(Dataset entries)
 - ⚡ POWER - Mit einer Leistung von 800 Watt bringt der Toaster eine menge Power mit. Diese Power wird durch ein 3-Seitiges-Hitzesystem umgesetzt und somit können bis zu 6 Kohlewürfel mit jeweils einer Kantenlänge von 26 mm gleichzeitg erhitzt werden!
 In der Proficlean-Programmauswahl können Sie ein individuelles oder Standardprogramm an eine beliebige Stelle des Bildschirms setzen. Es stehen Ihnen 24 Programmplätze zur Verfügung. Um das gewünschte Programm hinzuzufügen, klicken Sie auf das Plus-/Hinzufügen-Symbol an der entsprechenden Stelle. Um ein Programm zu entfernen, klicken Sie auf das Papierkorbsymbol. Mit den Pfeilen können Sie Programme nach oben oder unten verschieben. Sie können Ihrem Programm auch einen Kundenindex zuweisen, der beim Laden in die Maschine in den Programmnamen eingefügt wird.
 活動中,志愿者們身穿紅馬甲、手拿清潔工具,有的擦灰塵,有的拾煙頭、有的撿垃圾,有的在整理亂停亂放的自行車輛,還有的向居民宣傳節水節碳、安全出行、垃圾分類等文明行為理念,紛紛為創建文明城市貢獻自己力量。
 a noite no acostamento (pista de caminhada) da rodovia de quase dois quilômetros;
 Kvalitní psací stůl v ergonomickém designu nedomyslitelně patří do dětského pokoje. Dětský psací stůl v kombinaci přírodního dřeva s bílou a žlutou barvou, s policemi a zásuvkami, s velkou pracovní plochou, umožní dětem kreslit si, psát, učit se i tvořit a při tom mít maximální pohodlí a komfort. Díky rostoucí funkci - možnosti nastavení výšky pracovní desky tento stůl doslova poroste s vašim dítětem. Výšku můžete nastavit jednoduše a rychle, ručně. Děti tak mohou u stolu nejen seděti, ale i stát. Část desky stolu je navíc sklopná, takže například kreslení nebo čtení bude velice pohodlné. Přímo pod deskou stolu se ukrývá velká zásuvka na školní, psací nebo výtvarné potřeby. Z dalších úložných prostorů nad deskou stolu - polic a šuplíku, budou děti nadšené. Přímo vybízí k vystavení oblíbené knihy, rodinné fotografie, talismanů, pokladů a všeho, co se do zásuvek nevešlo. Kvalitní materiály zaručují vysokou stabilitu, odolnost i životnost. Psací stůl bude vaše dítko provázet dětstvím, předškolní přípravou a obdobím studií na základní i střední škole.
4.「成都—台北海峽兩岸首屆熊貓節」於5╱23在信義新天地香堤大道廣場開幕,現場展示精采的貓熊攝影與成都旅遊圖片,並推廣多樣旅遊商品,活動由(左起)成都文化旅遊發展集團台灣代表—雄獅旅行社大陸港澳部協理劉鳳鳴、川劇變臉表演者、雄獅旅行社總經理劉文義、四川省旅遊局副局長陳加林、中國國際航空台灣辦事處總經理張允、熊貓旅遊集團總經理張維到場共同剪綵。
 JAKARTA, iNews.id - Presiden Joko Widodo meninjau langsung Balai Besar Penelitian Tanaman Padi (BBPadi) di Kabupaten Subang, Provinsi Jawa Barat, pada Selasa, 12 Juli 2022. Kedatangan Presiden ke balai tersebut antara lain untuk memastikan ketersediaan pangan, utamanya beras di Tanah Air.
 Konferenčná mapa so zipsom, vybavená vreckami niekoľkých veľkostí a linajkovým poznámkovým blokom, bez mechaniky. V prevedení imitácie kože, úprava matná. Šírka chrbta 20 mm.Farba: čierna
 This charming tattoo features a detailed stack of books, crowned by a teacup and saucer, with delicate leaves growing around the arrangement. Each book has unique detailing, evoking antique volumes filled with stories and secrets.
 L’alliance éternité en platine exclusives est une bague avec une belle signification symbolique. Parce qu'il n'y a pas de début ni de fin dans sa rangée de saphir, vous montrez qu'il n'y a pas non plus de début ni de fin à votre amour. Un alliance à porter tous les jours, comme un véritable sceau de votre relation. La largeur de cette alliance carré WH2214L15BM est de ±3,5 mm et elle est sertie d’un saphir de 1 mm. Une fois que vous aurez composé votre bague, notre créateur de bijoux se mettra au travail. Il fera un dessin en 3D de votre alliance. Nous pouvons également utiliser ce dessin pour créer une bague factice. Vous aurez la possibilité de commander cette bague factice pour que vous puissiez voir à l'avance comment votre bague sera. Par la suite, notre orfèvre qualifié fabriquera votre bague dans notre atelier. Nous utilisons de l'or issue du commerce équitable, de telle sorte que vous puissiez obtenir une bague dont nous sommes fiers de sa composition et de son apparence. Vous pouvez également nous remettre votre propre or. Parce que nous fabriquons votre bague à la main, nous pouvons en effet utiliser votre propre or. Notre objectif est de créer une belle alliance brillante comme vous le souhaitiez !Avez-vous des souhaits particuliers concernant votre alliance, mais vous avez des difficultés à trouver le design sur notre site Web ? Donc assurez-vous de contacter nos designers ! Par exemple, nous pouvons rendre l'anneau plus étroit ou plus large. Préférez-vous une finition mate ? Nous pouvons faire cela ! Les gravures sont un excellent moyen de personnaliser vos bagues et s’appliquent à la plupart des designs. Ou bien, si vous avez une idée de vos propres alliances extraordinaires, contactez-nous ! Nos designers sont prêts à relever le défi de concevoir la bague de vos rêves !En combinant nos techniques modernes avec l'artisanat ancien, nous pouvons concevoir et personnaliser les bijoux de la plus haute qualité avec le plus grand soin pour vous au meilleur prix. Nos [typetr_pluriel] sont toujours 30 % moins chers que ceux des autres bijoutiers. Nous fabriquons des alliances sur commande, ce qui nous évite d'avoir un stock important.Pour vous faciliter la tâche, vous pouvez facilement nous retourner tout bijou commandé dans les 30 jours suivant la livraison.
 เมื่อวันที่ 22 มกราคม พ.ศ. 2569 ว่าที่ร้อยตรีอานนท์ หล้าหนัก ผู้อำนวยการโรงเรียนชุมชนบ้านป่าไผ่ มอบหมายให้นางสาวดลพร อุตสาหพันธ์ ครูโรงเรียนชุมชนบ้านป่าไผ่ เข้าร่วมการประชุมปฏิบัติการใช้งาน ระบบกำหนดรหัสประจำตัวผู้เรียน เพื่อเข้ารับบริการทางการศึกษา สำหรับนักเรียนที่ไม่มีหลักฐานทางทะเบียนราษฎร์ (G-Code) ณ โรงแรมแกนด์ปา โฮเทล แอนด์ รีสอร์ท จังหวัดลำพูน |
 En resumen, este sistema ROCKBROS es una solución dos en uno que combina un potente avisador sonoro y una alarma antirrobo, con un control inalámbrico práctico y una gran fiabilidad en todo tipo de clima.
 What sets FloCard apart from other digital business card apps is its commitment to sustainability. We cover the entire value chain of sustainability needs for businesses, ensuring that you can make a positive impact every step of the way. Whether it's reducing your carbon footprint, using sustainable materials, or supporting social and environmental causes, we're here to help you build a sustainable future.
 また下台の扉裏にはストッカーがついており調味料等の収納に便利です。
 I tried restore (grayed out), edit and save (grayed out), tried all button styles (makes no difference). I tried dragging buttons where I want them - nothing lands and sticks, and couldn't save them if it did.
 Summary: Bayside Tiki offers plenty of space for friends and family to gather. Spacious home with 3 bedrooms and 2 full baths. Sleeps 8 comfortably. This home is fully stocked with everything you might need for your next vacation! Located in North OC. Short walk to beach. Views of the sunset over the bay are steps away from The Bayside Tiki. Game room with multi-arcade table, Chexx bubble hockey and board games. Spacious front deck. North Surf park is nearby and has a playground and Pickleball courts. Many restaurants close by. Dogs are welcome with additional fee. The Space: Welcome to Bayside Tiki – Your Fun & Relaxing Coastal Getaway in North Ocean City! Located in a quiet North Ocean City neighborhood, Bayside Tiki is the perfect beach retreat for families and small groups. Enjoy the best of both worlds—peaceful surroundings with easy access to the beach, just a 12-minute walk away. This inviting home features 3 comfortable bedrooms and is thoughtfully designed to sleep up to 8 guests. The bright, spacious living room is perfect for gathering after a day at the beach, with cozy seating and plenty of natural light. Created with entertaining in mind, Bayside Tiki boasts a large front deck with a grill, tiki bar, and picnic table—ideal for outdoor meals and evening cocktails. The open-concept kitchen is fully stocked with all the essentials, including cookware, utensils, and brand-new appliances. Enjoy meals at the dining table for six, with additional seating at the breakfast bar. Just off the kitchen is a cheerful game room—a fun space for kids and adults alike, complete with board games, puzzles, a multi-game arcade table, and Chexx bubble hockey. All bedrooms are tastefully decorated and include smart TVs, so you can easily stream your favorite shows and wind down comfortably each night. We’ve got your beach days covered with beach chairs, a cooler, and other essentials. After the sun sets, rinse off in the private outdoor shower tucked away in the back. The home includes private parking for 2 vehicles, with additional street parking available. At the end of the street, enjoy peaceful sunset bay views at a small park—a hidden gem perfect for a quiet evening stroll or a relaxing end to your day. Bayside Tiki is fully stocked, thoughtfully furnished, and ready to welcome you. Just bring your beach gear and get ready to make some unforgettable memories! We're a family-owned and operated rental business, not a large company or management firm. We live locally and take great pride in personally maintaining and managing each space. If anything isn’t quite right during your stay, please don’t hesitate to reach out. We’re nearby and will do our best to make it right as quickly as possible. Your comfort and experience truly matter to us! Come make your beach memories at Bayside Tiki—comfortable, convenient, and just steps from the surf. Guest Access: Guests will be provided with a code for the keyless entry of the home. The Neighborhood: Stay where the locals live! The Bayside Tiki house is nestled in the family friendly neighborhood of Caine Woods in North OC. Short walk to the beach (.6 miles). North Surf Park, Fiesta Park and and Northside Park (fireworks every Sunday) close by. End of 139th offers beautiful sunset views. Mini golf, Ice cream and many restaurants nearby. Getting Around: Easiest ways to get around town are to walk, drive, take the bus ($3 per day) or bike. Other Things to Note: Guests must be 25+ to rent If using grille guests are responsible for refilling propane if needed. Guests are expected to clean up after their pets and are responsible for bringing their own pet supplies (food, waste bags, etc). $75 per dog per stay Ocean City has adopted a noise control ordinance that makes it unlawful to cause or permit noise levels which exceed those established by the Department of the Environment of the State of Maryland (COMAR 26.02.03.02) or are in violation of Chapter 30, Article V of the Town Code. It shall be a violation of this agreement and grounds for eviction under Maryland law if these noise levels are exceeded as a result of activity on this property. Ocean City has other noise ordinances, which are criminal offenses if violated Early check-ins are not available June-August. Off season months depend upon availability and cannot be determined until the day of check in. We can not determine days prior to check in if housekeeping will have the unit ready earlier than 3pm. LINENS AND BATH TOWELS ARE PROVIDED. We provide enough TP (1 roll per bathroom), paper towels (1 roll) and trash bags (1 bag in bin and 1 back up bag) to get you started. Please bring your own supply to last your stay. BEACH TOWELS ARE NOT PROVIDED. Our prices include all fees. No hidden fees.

● ACTIVITY:
Filter these records, keeping every line where the word "wird" occurs.

● TASK SOLUTION:
 - ⚡ POWER - Mit einer Leistung von 800 Watt bringt der Toaster eine menge Power mit. Diese Power wird durch ein 3-Seitiges-Hitzesystem umgesetzt und somit können bis zu 6 Kohlewürfel mit jeweils einer Kantenlänge von 26 mm gleichzeitg erhitzt werden!
 In der Proficlean-Programmauswahl können Sie ein individuelles oder Standardprogramm an eine beliebige Stelle des Bildschirms setzen. Es stehen Ihnen 24 Programmplätze zur Verfügung. Um das gewünschte Programm hinzuzufügen, klicken Sie auf das Plus-/Hinzufügen-Symbol an der entsprechenden Stelle. Um ein Programm zu entfernen, klicken Sie auf das Papierkorbsymbol. Mit den Pfeilen können Sie Programme nach oben oder unten verschieben. Sie können Ihrem Programm auch einen Kundenindex zuweisen, der beim Laden in die Maschine in den Programmnamen eingefügt wird.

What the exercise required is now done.